TASK: Extract the lines from the first one in the records below through the line containing "a) Remplir le", keeping both ends and leaving out any pictures.
[TASK INPUT — start]
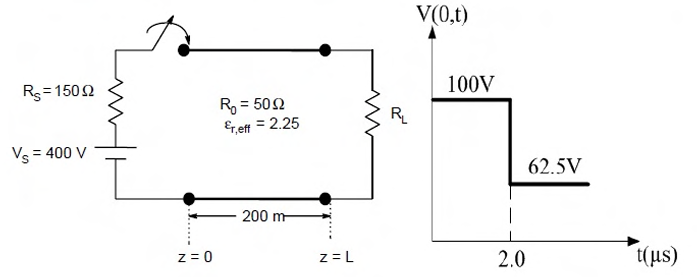 A 200 m long transmission line having parameters shown in the figure is terminated into a load RL. The line is connected to a 400 V source having source resistance RS through a switch, which is closed at t=0. The transient response of the circuit at the input of the line (z=0) is also drawn in the figure. The value of RL (in Ω) is __________.
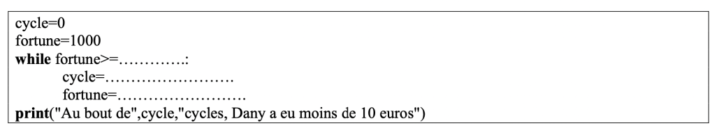 a) Remplir le script Python ci-dessous pour qu’il détermine au bout de combien de cycles phase chanceuse/phase de perte Dany a fini par posséder moins de 10 euros.
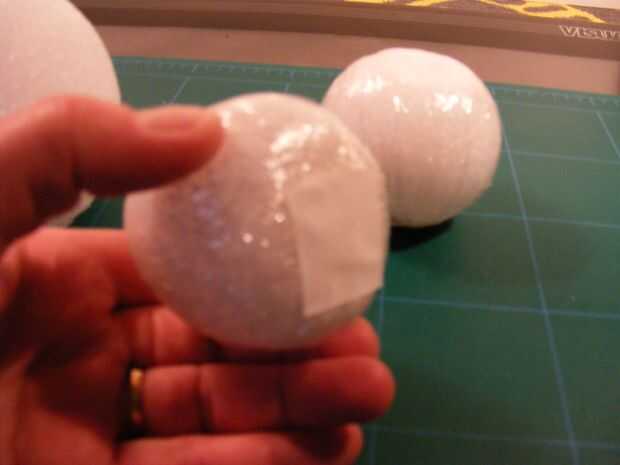 Empecé por tomar bolas de espuma de poliestireno y de corte las bases planas, para que las calabazas se sentarían erguido y todavía. Luego usé mi dedo pulgar para hacer una impresión en la parte superior que serviría como un nitch de los tallos para sentarse más adelante. Me envuelven las bolas firmemente en plástico y poner un trozo pequeño de cinta adhesiva en la parte inferior.
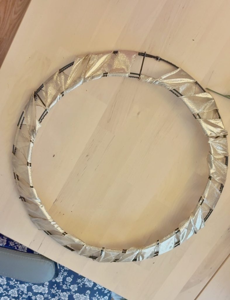 Next, I needed to cover the wreath form with my wired ribbon. I like to leave a space open at the top so that the wreath hook has a space to fit in.
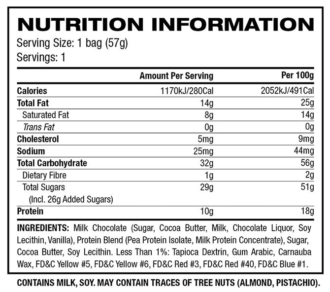 Each serve (1 bag/57g) of Protein Candies by Muscle Pharm has:
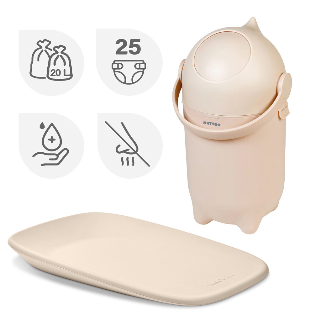 A Nattou Softy pelenkázó alátét és a Nattou Dropy pelenkakosár tökéletes kombinációt alkotnak a higiénikus, kényelmes és gyors mindennapi pelenkázáshoz. A Softy alátét innovatív, BPA‑mentes PU habból készült, amely huzat nélkül is használható, vízlepergető, gyűrődésmentes és rendkívül higiénikus. A Dropy pelenkakosár speciális szagzáró rendszerével biztosítja, hogy a kellemetlen szagok ne jussanak ki a helyiségbe, miközben egy kézzel is könnyedén kezelhető.
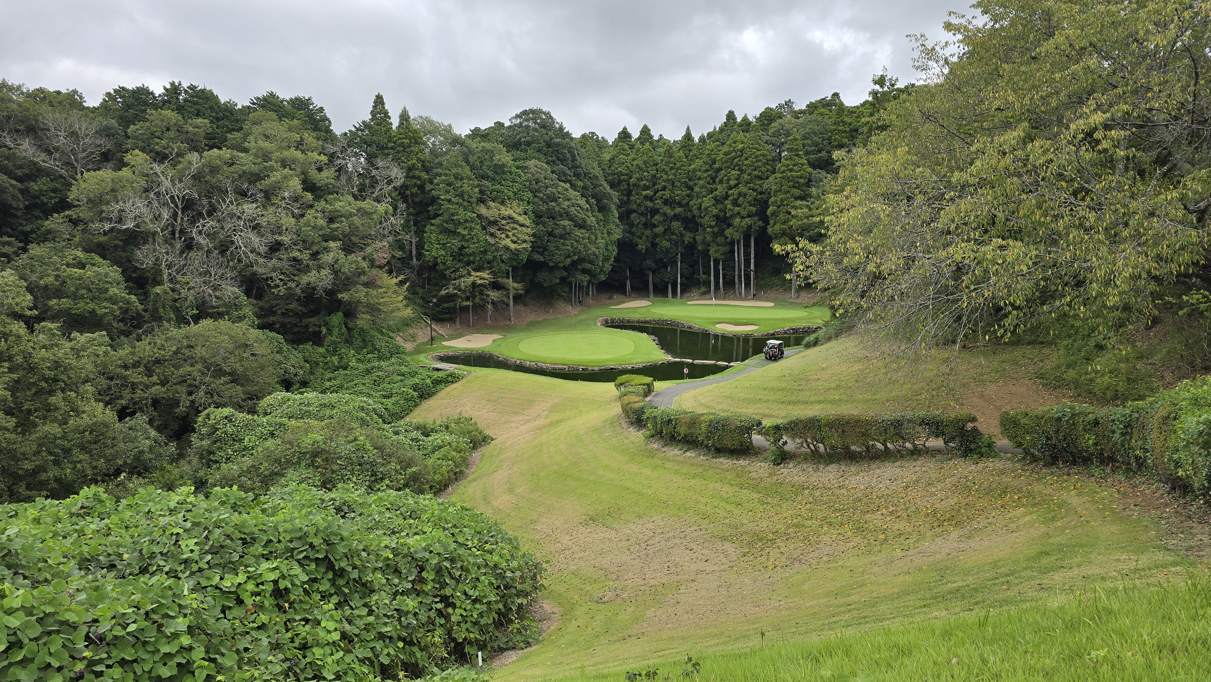 스카이웨이 컨트리클럽 시그니처 코스라고도 할 수 있는 인코스 6번 아일랜드 형의 파3홀입니다. 앞과 뒤 2개의 그린이 모두 아일랜드 형태로 호수 가운데 위치하고 있으며 뒤쪽그린의 경우 거리도 150m 정도로 만만치 않기 때문에 한번에 보내기도 어렵고 핀도 극악으로 앞핀으로 꽂아놔서 낮은 탄도도 공략할 수가 없습니다.
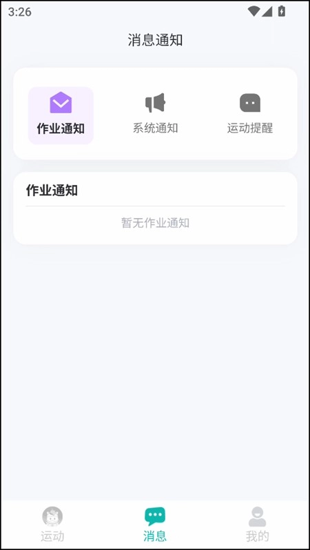 3、在消息界面下,我们能够查看各种作业通知、系统通知以及运动提醒。
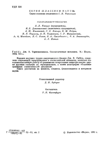 Гиббс Дж. В. Термодинамика. Статистическая механика. М.: Наука,
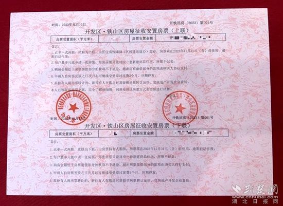 “這是我區(qū)年初推出試行房票安置制度后發(fā)放的首張房票,也是全市首張房票。”開發(fā)區(qū)·鐵山區(qū)住房保障局開發(fā)科科員王哲介紹,通過房票安置方式,一方面縮短了拆遷群眾安置時間,另一方面拓寬了安置房源,打通住房轉(zhuǎn)換通道后,拆遷群眾可以根據(jù)個人需求購買心儀的商品房用來安置,選擇范圍更大了、居住環(huán)境更好了、生活品質(zhì)更高了。
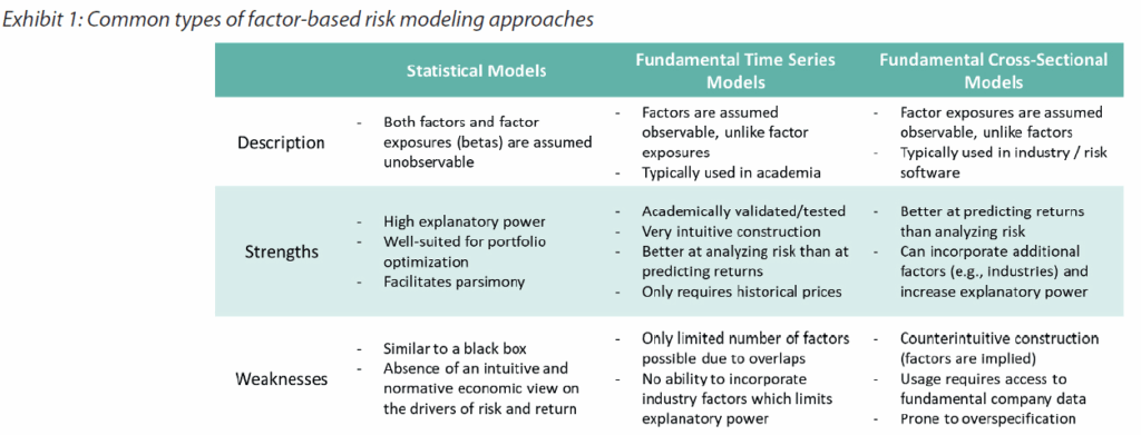 Scientific Portfolio recognizes that building a risk model is perhaps as much of an art as it is a science. There are three common types of factor models used by academics and industry practitioners: i) statistical models, where both factors and factor exposures, i.e., betas, are assumed unobservable and need to be estimated, ii) fundamental time series models which are popular with academics and where factors are assumed observable but not betas, and iii) fundamental cross-sectional models, used by popular risk engines in the industry and where betas are assumed observable but not factors. Exhibit 1 provides a more detailed description and a comparison of the strengths and weaknesses of the three approaches for designing a risk model.
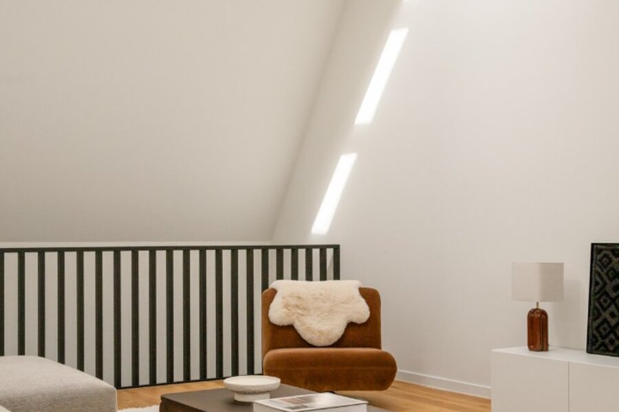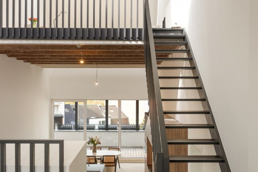 Op het tussenverdiep bevindt zich momenteel een formele leefruimte, die zich ook perfect leent als bureau of polyvalente ruimte. Op het bovenste niveau bevindt zich de tweede, royale leefruimte: een ware oase van licht dankzij de verschillende dakramen en de unieke openheid van het geheel.
[TASK INPUT — finish]
TASK SOLUTION:
 A 200 m long transmission line having parameters shown in the figure is terminated into a load RL. The line is connected to a 400 V source having source resistance RS through a switch, which is closed at t=0. The transient response of the circuit at the input of the line (z=0) is also drawn in the figure. The value of RL (in Ω) is __________.
 a) Remplir le script Python ci-dessous pour qu’il détermine au bout de combien de cycles phase chanceuse/phase de perte Dany a fini par posséder moins de 10 euros.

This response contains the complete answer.